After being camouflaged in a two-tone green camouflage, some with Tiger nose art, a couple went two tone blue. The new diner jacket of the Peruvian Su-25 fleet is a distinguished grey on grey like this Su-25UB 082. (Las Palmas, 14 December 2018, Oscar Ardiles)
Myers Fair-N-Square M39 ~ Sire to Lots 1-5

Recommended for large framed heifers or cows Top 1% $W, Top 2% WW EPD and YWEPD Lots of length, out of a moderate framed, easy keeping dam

==

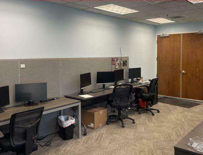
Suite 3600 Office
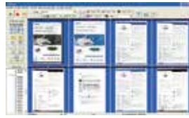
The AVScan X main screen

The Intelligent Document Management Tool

* * *

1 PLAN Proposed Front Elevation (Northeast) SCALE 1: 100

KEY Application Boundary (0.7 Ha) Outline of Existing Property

▶ **Task details**
Taking the entries above, write out exactly each line from the one holding "The AVScan X main screen" to the one holding "The Intelligent Document Management Tool", both included, and stop there.

▶ **Answer to this problem**
The AVScan X main screen

The Intelligent Document Management Tool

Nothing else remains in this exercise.